# What is being asked
Reproduce word for word the line holding "Fomenta la exploración." and all lines after it in the data, through the end, leaving out pictures.

# Input data
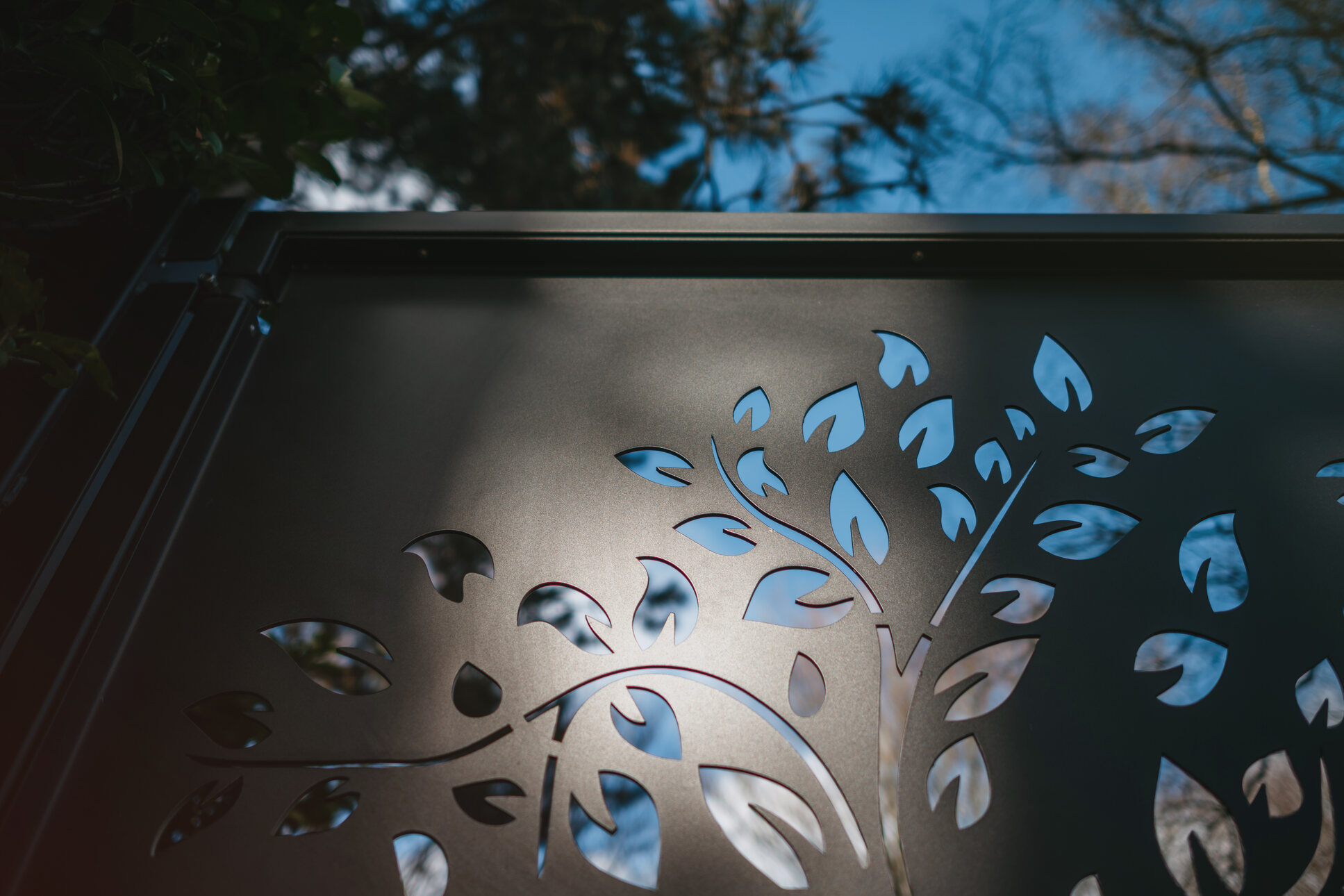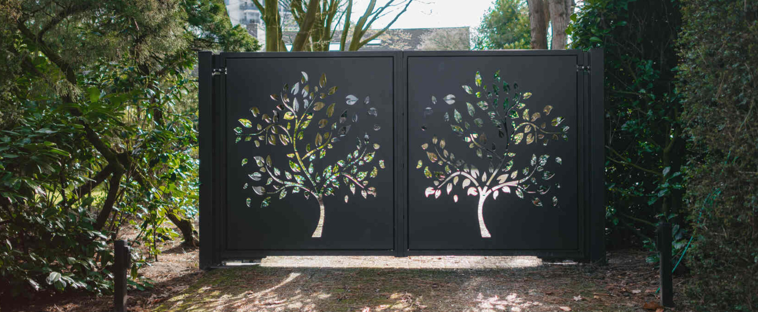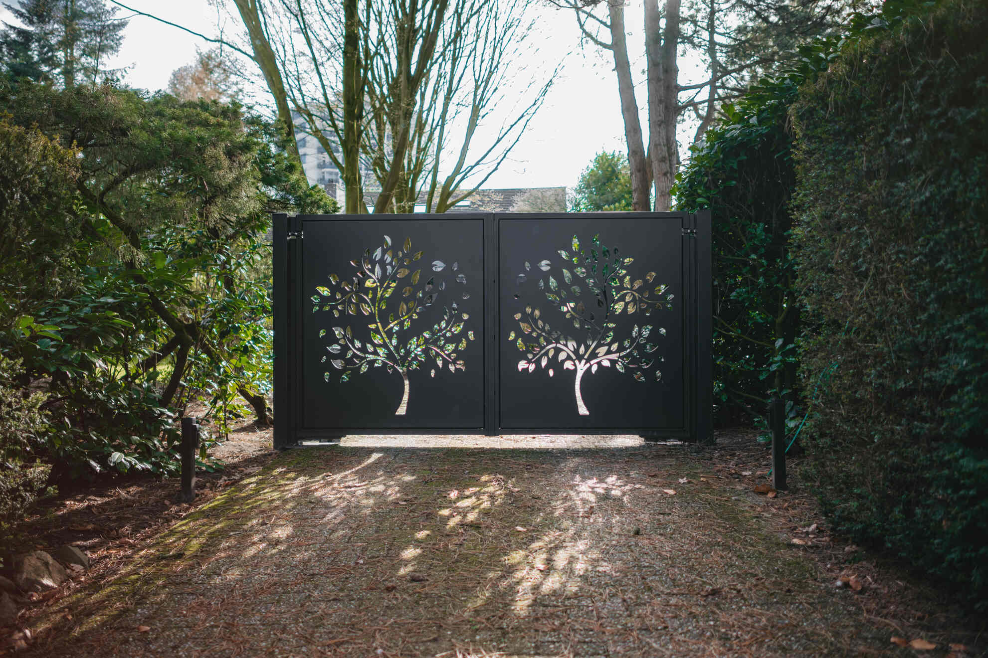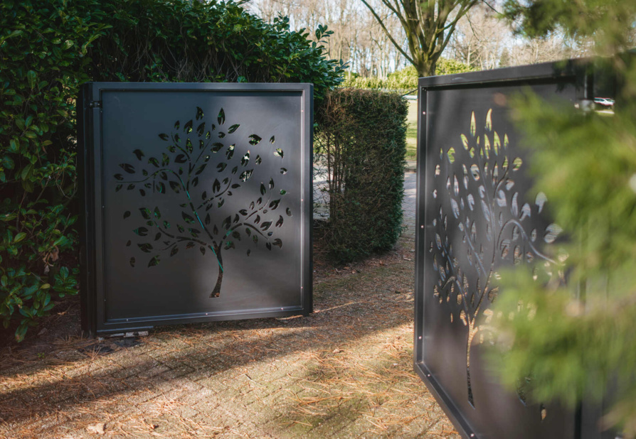 De sierhekwerk poort is voorzien van een frame van koker 50×50 mm. In het frame een aluminium plaat die op maat wordt gelaserd door een lasermachine. De plaat wordt voorzien van het boom patroon. De poort kan in alle breedtes worden toegepast.
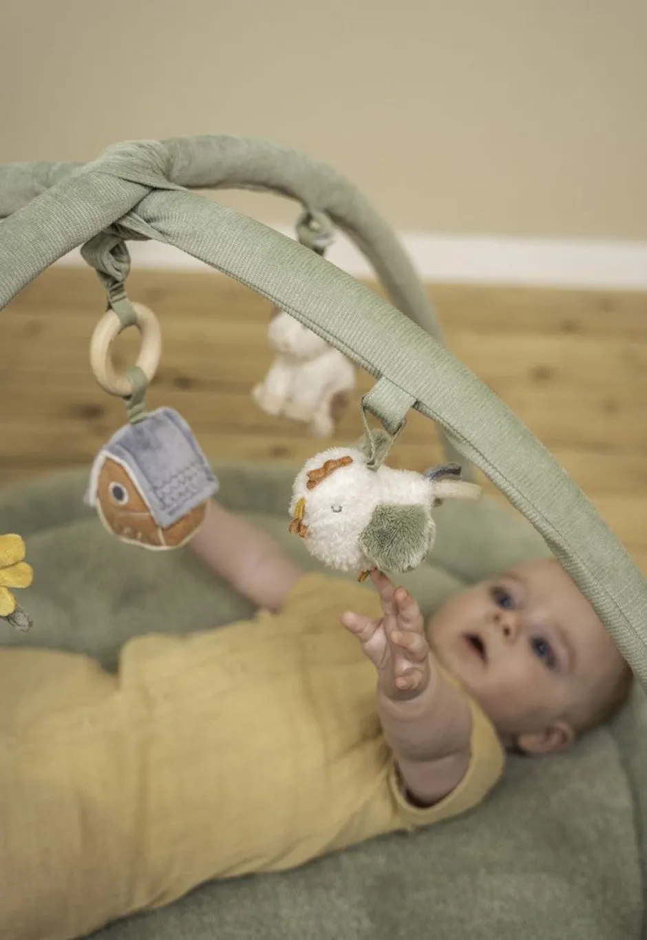 Fomenta la exploración. Desafiará a tu pequeño a moverse, alcanzar y agarrar con esta alfombra de actividades cautivadora. La alfombra es super suave, tiene forma redondeada en la base con un grosor de 2 cm, lo que la hace muy confortable y está inspirada en la estética de la granja de la colección Little Farm, con 5 diferentes suaves juguetes colgantes que mantendrán a su bebé entretenido y desarrollará la coordinación ojo-mano.
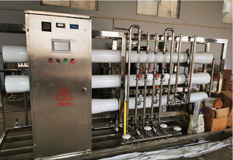 原(yuan)水(shui)(shui)→原(yuan)水(shui)(shui)加壓泵→多介質過(guo)(guo)濾器(qi)→活(huo)性炭(tan)過(guo)(guo)濾器(qi)→軟水(shui)(shui)器(qi)→精密過(guo)(guo)濾器(qi)→一級(ji)反滲透→PH調節→中間(jian)水(shui)(shui)箱→二級(ji)反滲透→純(chun)水(shui)(shui)箱→純(chun)水(shui)(shui)泵→微孔過(guo)(guo)濾器(qi)→用水(shui)(shui)點

# Task response
 Fomenta la exploración. Desafiará a tu pequeño a moverse, alcanzar y agarrar con esta alfombra de actividades cautivadora. La alfombra es super suave, tiene forma redondeada en la base con un grosor de 2 cm, lo que la hace muy confortable y está inspirada en la estética de la granja de la colección Little Farm, con 5 diferentes suaves juguetes colgantes que mantendrán a su bebé entretenido y desarrollará la coordinación ojo-mano.
 原(yuan)水(shui)(shui)→原(yuan)水(shui)(shui)加壓泵→多介質過(guo)(guo)濾器(qi)→活(huo)性炭(tan)過(guo)(guo)濾器(qi)→軟水(shui)(shui)器(qi)→精密過(guo)(guo)濾器(qi)→一級(ji)反滲透→PH調節→中間(jian)水(shui)(shui)箱→二級(ji)反滲透→純(chun)水(shui)(shui)箱→純(chun)水(shui)(shui)泵→微孔過(guo)(guo)濾器(qi)→用水(shui)(shui)點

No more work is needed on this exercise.